Нет, к таким переживаниям надо, видно, привычку иметь. Привалившись враз отяжелевшей головой к плечу Павла, засыпая и борясь со сном, она озабоченно пробормотала:
— Светает уже… ой, не проспать бы… к поезду.
— Не бойся… спи! — Широкой ладонью Павел прикрыл наплаканные Шуркины глаза, чтобы не потревожила ее до времени ранняя летняя заря. — Спи знай! Я разбужу.
Была бы Светка, как другие дети… Поскучала бы, поплакала, да и начала бы помаленьку привыкать. Все бы и обошлось и наладилось бы. На первых порах Шура только об одном думала: чтоб как можно меньше бросались людям в глаза Светкины странности, чтобы пока не привыкнет она хоть немножко, не пялились бы на нее люди, не замечали, насколько не похожа она на других ребят.

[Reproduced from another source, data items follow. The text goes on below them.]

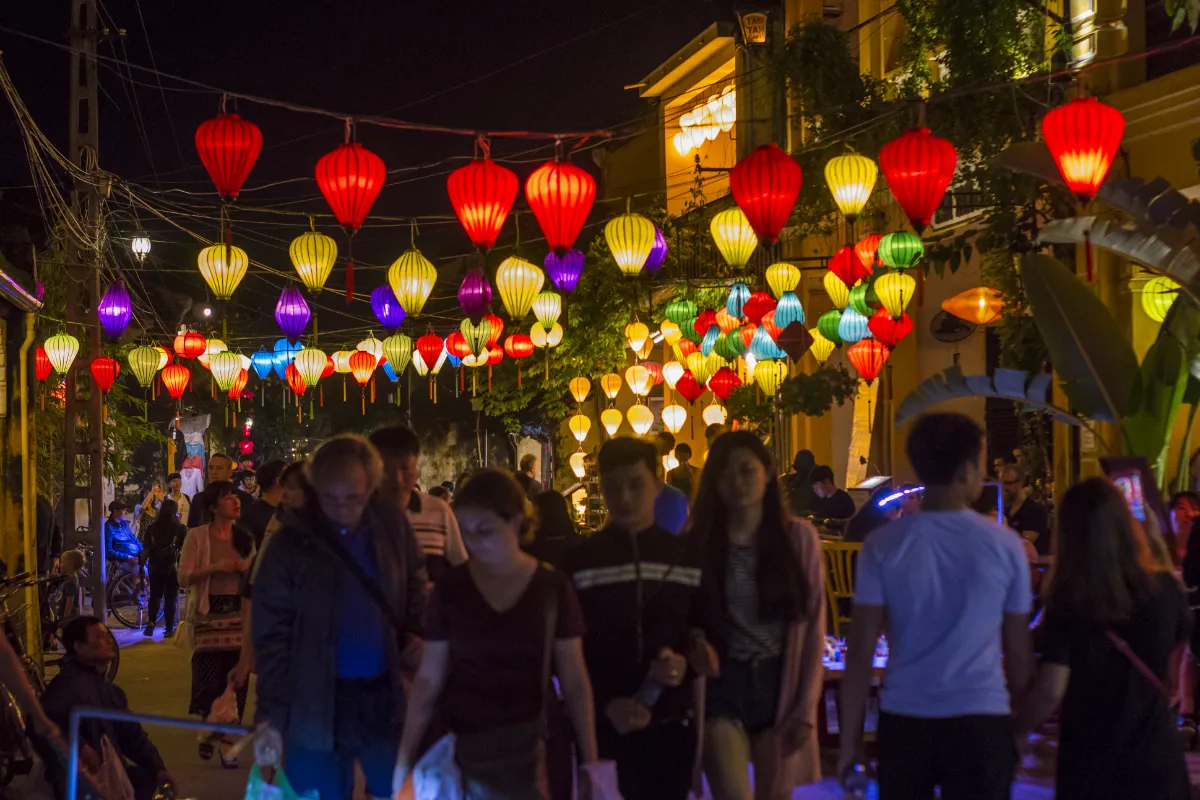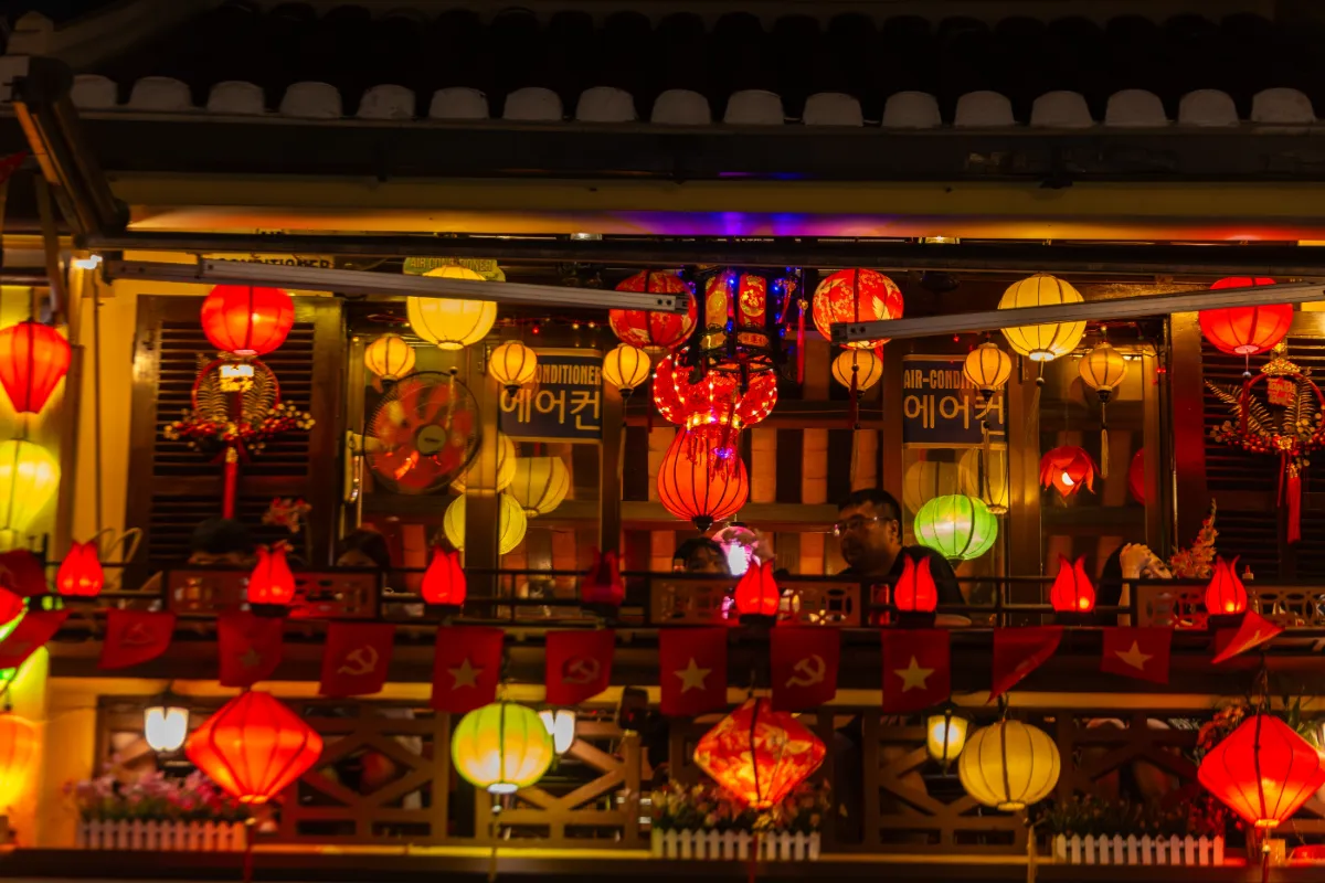 You won’t see flashy neon signs here. Instead, you get silk lanterns in red, yellow, and blue, lighting up streets and rivers with a warm glow and honestly, your phone camera will struggle to capture what your eyes see.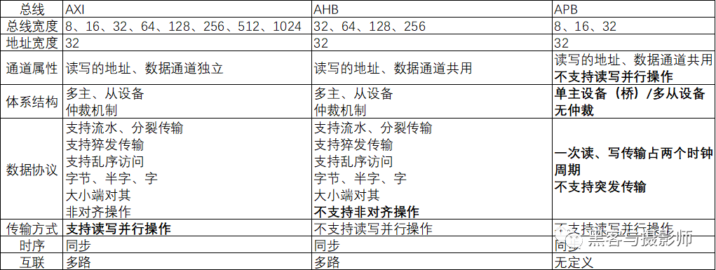 AXI:高速度、高带宽、管道化互联、单向通道,只需要首地址、读写并行、支持乱序、支持非对齐操作,但连线非常多。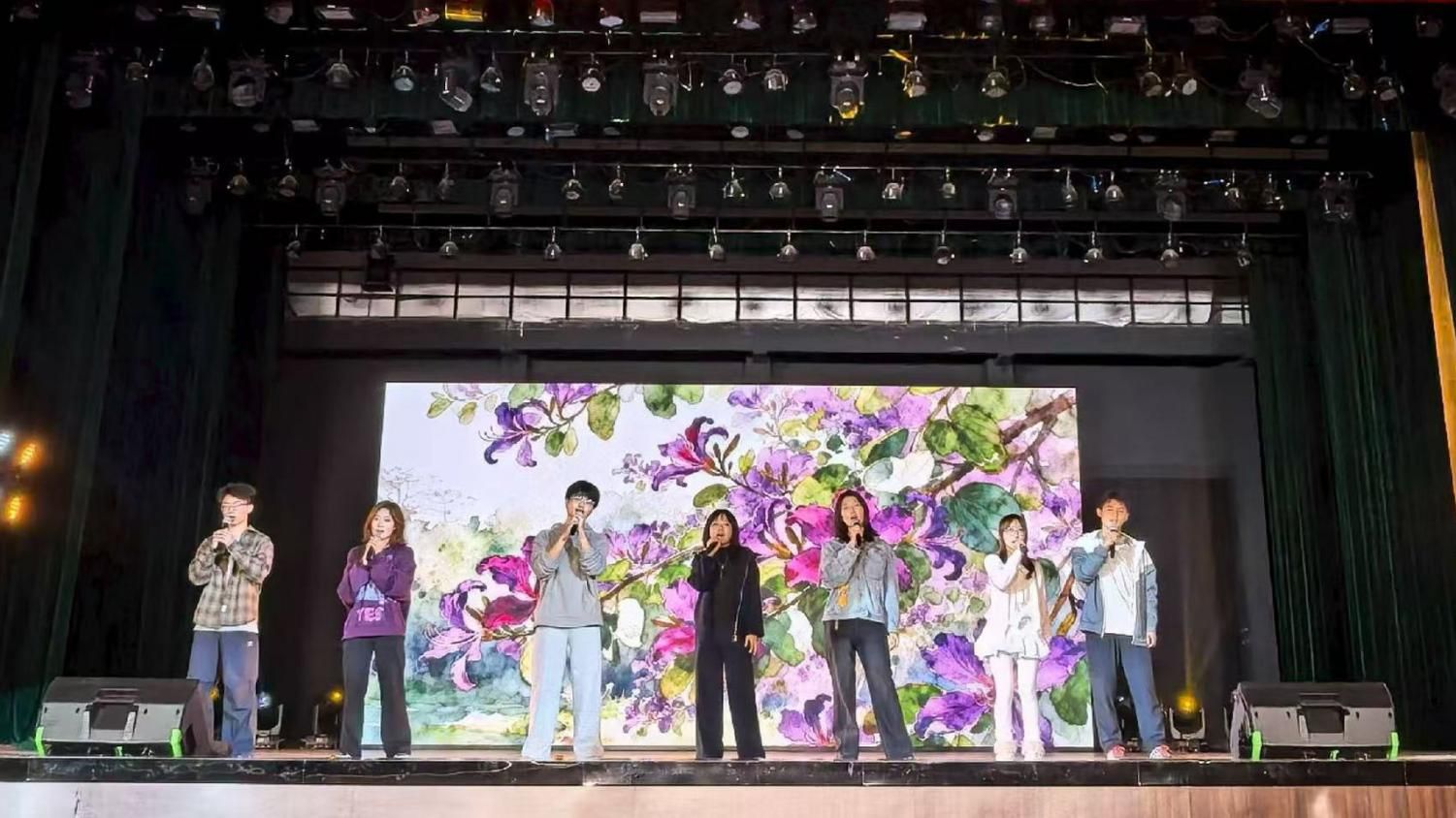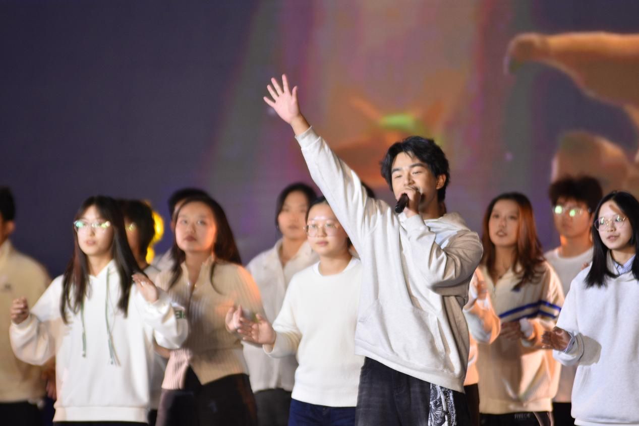 陈艺文同学带来长笛独奏《鸟之诗》,清亮婉转的旋律如飞鸟振翅,既诉说少年不羁的心境,也传递出“振翅逐光”的成长力量。财政2502班全体同学则献上节目《此间少年与长风》,将少年意气与向阳而生的锋芒融于歌声之中,感染力十足,引得台下师生情不自禁挥动荧光棒,点点星光与旋律交织,将现场再次推向高潮。

И никому, даже задушевной своей подруге Полинке Сотниковой, ни словечком не обмолвилась Шура о странных болезнях Светкиной матери, о ненормальном Светкином воспитании.
Очень уж боялась она за Павла. Не разберутся люди, станут говорить: «Дочь-то у Павла Егоровича недоразвитая… полудурок, в мать зародилась».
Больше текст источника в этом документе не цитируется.